The CPRA retains the CCPA exemptions for medical information governed by the California Confidentiality of Medical Information Act or protected health information collected by a covered entity or business associate under HIPAA (Health Insurance Portability and Accountability Act) and HITECH (Health Information Technology for Economic and Clinical Health Act), personal information collected as part of a clinical trial or other biomedical research study, activity involving the collection of personal information bearing on a consumer’s credit worthiness, and personal information collected, processed, sold or disclosed subject to the Gramm-Leach-Bliley Act or the federal Driver’s Privacy Protection Act of 1994.

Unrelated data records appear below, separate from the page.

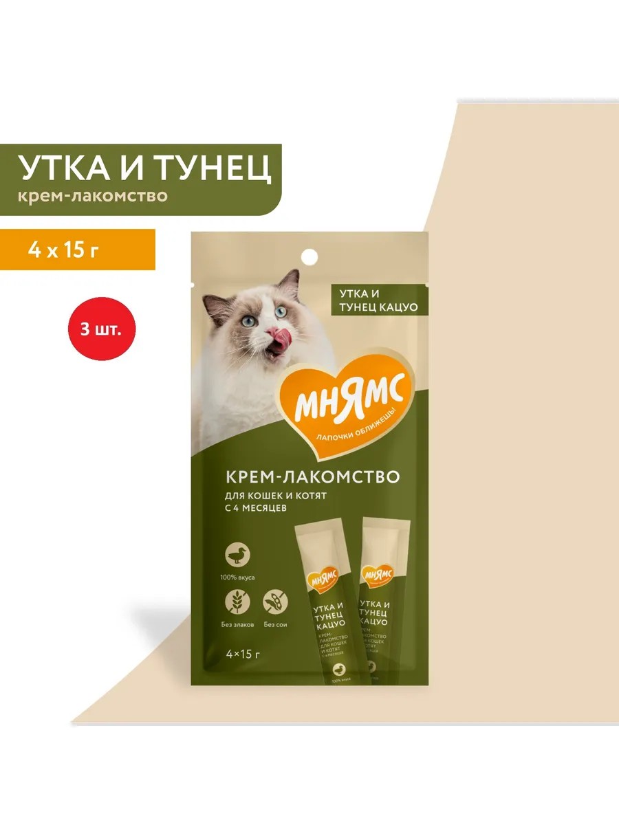 Крем-лакомство для кошек с уткой и тунцом 15гх4шт*3уп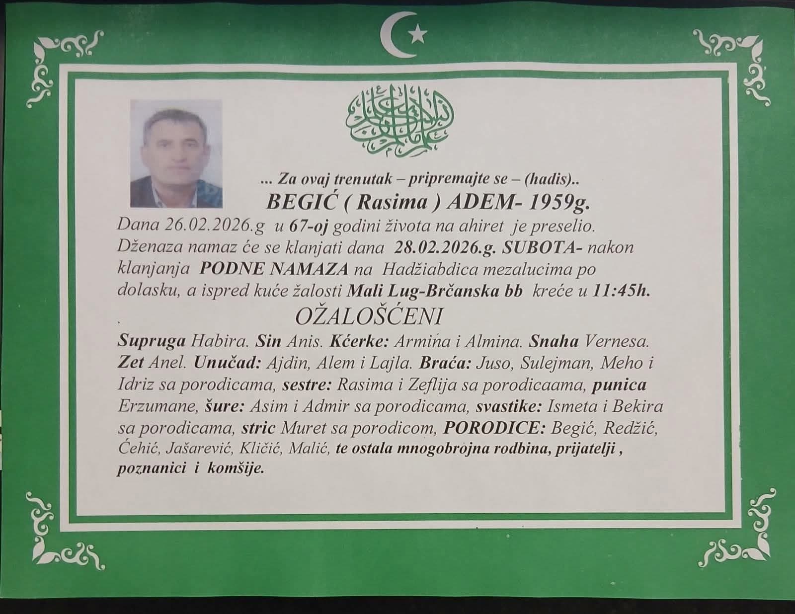 Dženaza-namaz će se klanjati u subotu, 28. 02. 2026. godine, nakon podne-namaza na Hadžiabdića mezarlucima po dolasku, a ispred kuće žalosti (Mali Lug – Brčanska bb) polazak je u 11:45 sati.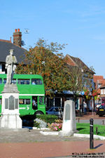 RML2456 rounds the war memorial at Chesham Broadway during the 2011 Amersham running day, an event blessed by an exceptionally warm October day.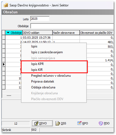 Na zavihku KIR / KPR lahko evidence posameznega obračuna pošljemo direktno na portal eDavki.
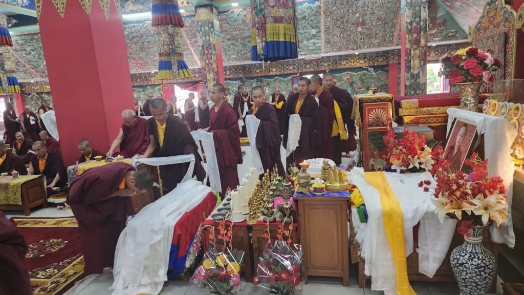 Mindrolling Monastery and Samten Tse Retreat Center in India, Minling Lotus Garden in the United States, and the Mindrolling sangha groups across Europe, Asia, and North America made vast mandala offerings and offered prayers and aspirations for the two Rinpoches.
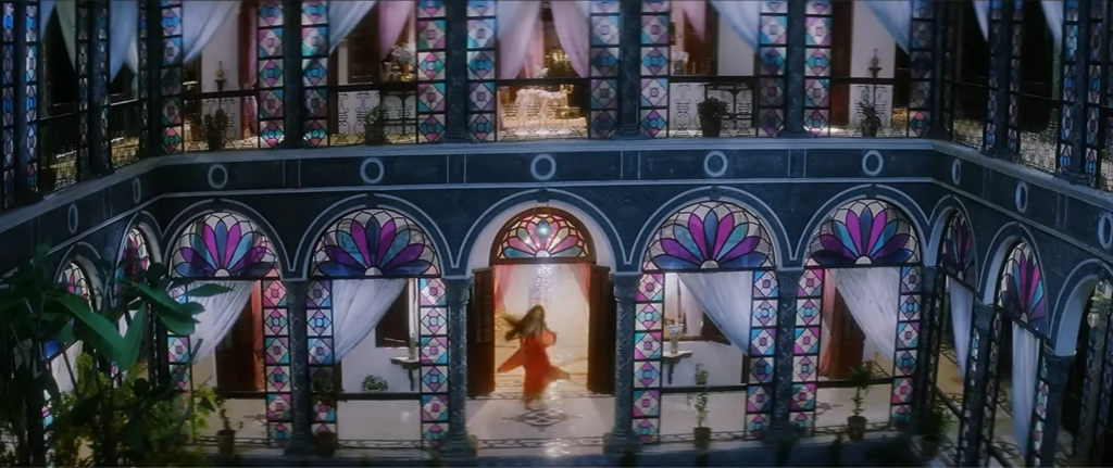 One of the most stunning sets in the movie is Paro’s glass room. The set was built using 1.22 lakh stained glass pieces and took 9 months to complete. Designed by Nitin Desai, the glass required constant repairs due to heat from the studio lights, showing the effort put into creating this beautiful space.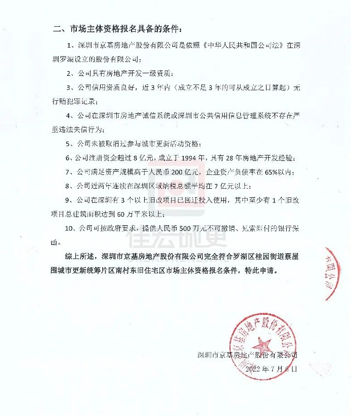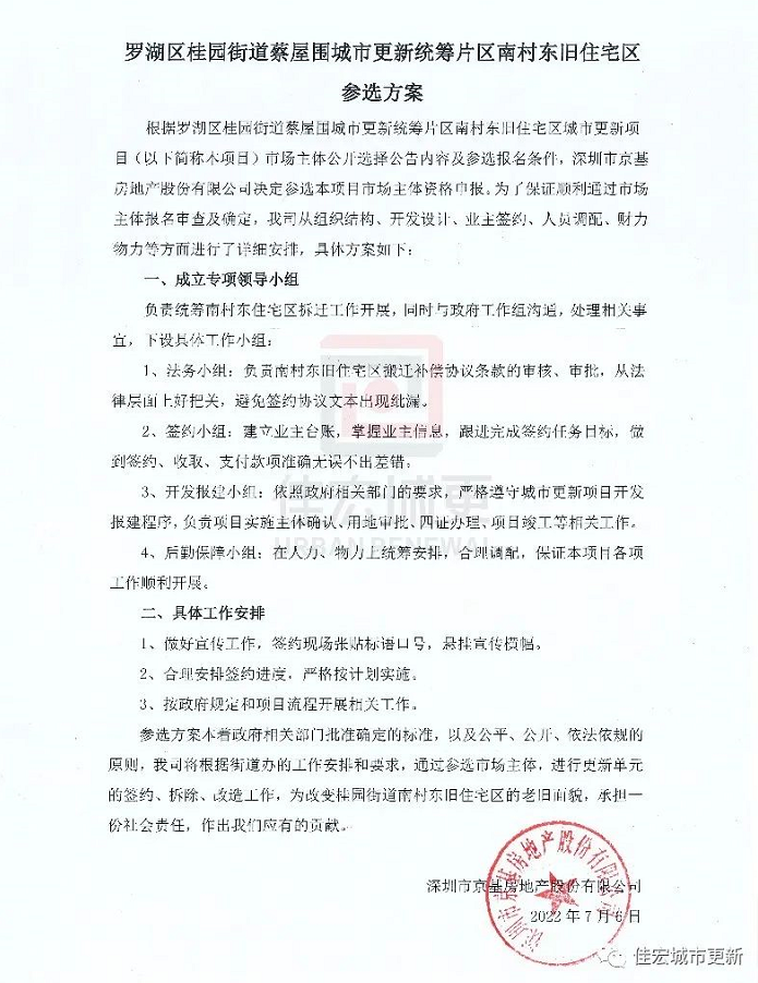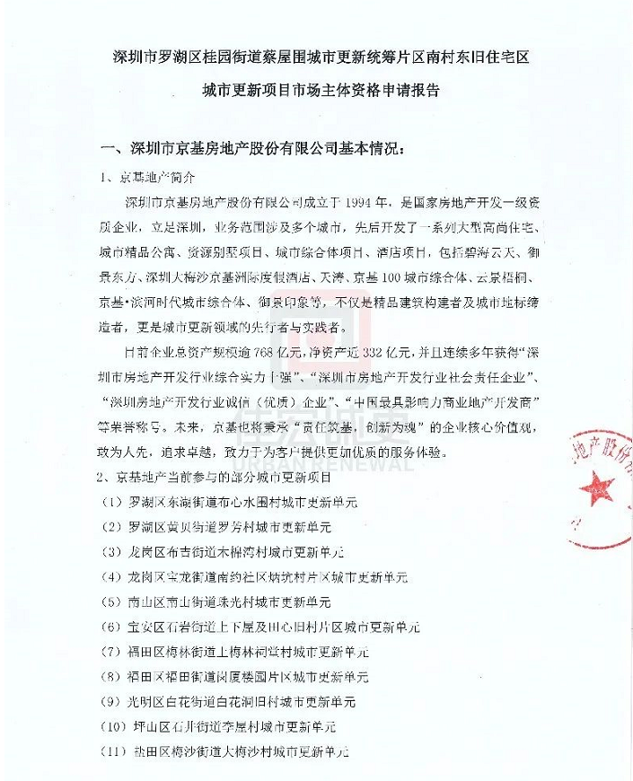 【摘要】近日,深圳市羅湖區(qū)桂園街道辦事處發(fā)布“蔡屋圍城市更新統(tǒng)籌片區(qū)南村東舊住宅區(qū)城市更新項(xiàng)目候選市場(chǎng)主體名單公告”,深圳市京基房地產(chǎn)股份有限公司列入該項(xiàng)目候選市場(chǎng)主體名單。

The CCPA’s limited exemptions for employment information and so-called business-to-business information are also continued in the CPRA, however these provisions shall expire on January 1, 2023.

The CPRA provides authority for the CPPA to create extensive regulations, including a requirement for regulation of businesses whose processing of consumers’ personal information presents significant risk to consumers’ privacy or security to: (A) perform a cybersecurity audit on an annual basis, including defining the scope of the audit and establishing a process to ensure that audits are thorough and independent; and (B) to submit to the CPPA on a regular basis a risk assessment with respect to the processing of personal information.

The private right of action under CPRA is expanded to include that consumers whose email address in combination with a password or security question and answer that would permit access to the account be able to institute a civil action and to recover damages or other injunctive relief. The CCPA 30-day cure period after notice of a breach is eliminated and administrative fines for violation of the CPRA increase to not more than $2,500 for each violation or $7,500 for each intentional violation or violations involving the personal information of consumers that the business has actual knowledge is under 16 years of age. The CPPA will have broad powers of investigation and enforcement for violations of the CPRA.